Tight clusters of problems from the same mathematical subfield
Bridge regions where interdisciplinary problems sit between two fields
Isolated outliers that represent highly unique or novel problem formulations

This visualization alone provides valuable insight into how mathematical knowledge is organized and where conceptual overlaps exist.

Step 4: Clustering with K-Means

To formalize the structure seen in the UMAP visualization, we apply K-Means clustering to the raw sentence embeddings (not the UMAP projections, to avoid dimensionality reduction artifacts). We tune the number of clusters using silhouette scores and elbow analysis.

Each resulting cluster can be inspected to understand which types of problems group together. Interestingly, K-Means often discovers thematic groupings that cut across traditional field labels — for example, grouping problems about extremal graph theory with certain combinatorial optimization problems, regardless of how they were originally tagged.
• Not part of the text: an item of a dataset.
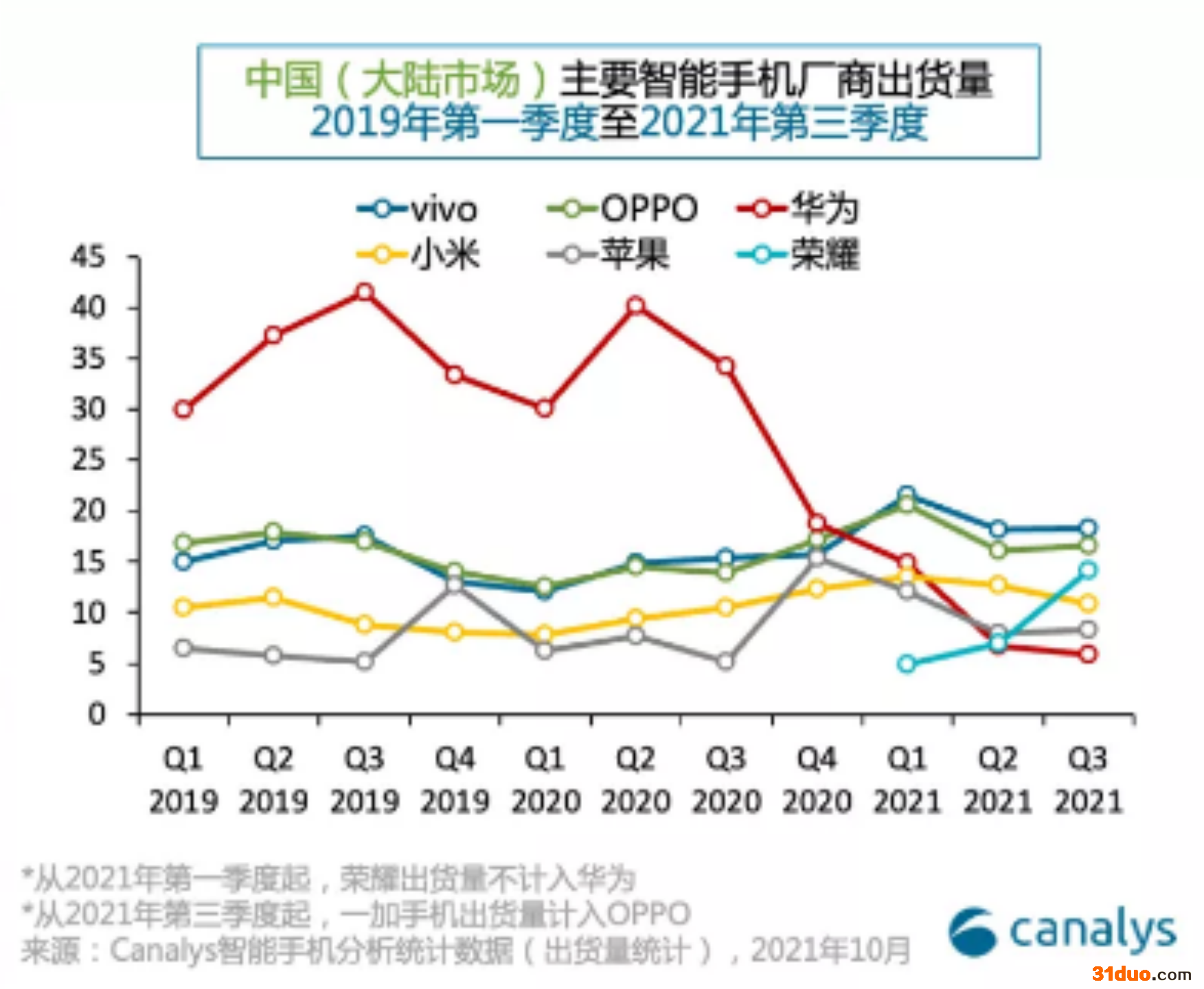 自6月起的第三季度,荣耀推出了荣耀50系列、荣耀Magic3系列等新机。

Step 5: Building the Semantic Search Engine

The semantic search engine is built on top of the sentence embeddings using cosine similarity as the distance metric. The workflow is straightforward:

A user submits a natural language query (e.g., \”unsolved problems about prime distribution\”)
The query is embedded using the same transformer model
Cosine similarity is computed between the query embedding and all problem embeddings in the dataset
The top-k most similar problems are returned, ranked by similarity score

This approach dramatically outperforms keyword-based search for mathematical text, where the same concept can be expressed in dozens of different ways. The semantic engine handles paraphrases, synonyms, and even cross-lingual queries gracefully.
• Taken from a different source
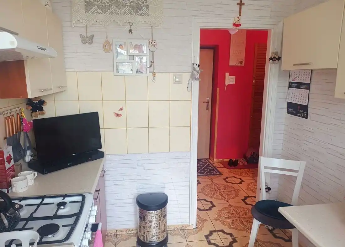 Mieszkanie w bloku z cegły na drugim piętrze.

Step 6: Training an Open-Status Classifier

One of the most practically useful components of this pipeline is the open-status classifier — a model that predicts whether a given mathematical problem is currently open (unsolved) or closed (resolved).

We train this classifier using the sentence embeddings as input features and the binary open/closed label as the target. Several classifiers were tested:

Logistic Regression — strong baseline with interpretable coefficients
Random Forest — captures non-linear patterns in the embedding space
Gradient Boosting (XGBoost) — best overall performance on validation data

The classifier achieves strong accuracy, demonstrating that the language used to describe open problems does differ systematically from closed ones. Open problems tend to use more speculative language (\”it is conjectured,\” \”remains unknown\”), while closed problems use more definitive framing (\”it was proved,\” \”the solution follows from\”).
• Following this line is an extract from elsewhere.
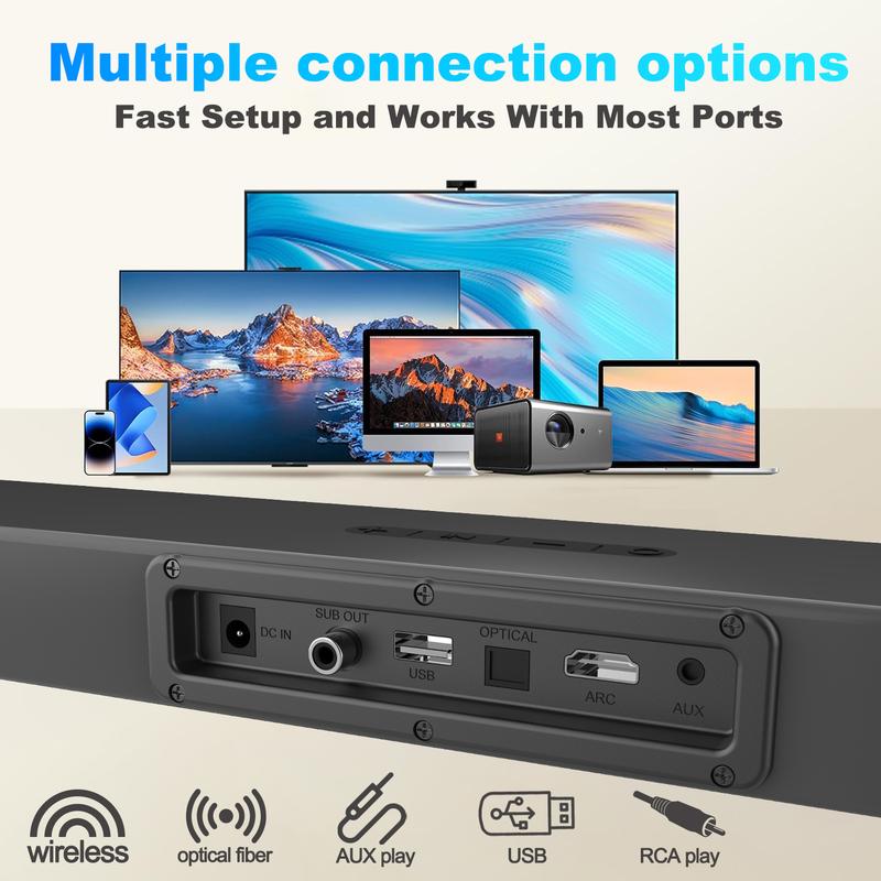 Sound Bar - 2.1 Audio Soundbar with Subwoofer, 160W Loud Volume, Wall Mountable, Wireless Sound Bar with HDTV, ARC, Optical, AUX Connectivity for TV, Projector, Computer outdoor home tv speakers

Step 7: Surfacing Near-Duplicate Problems

A final and highly practical use case is near-duplicate detection. Mathematical literature often contains the same problem stated differently across different papers or textbooks. Using the cosine similarity scores from our embedding space, we can flag pairs of problems that are highly similar — a score above 0.92, for instance — as potential duplicates.

This is invaluable for dataset curators, journal editors, and researchers who want to avoid redundant work or identify when a \”new\” problem has already been studied under a different name.

Key Takeaways and Applications

This complete NLP pipeline over the ResearchMath-14k dataset demonstrates that modern language models and classical machine learning techniques can work together powerfully in specialized scientific domains. Here’s a summary of what we achieved:

TF-IDF keyword extraction to identify field-specific vocabulary
Sentence embeddings for rich semantic representations
UMAP visualization to explore the structure of mathematical research
K-Means clustering to discover thematic groupings
Semantic search for intuitive, meaning-based retrieval
Open-status classification to predict whether problems are solved
Near-duplicate detection to surface redundant or related problems

Conclusion

The intersection of natural language processing (NLP) and mathematics is an exciting and rapidly expanding field that holds tremendous potential for innovation and discovery. By applying advanced mathematical techniques and models to the challenges of understanding and generating human language, researchers and practitioners are unlocking new possibilities that can significantly enhance the capabilities of NLP systems.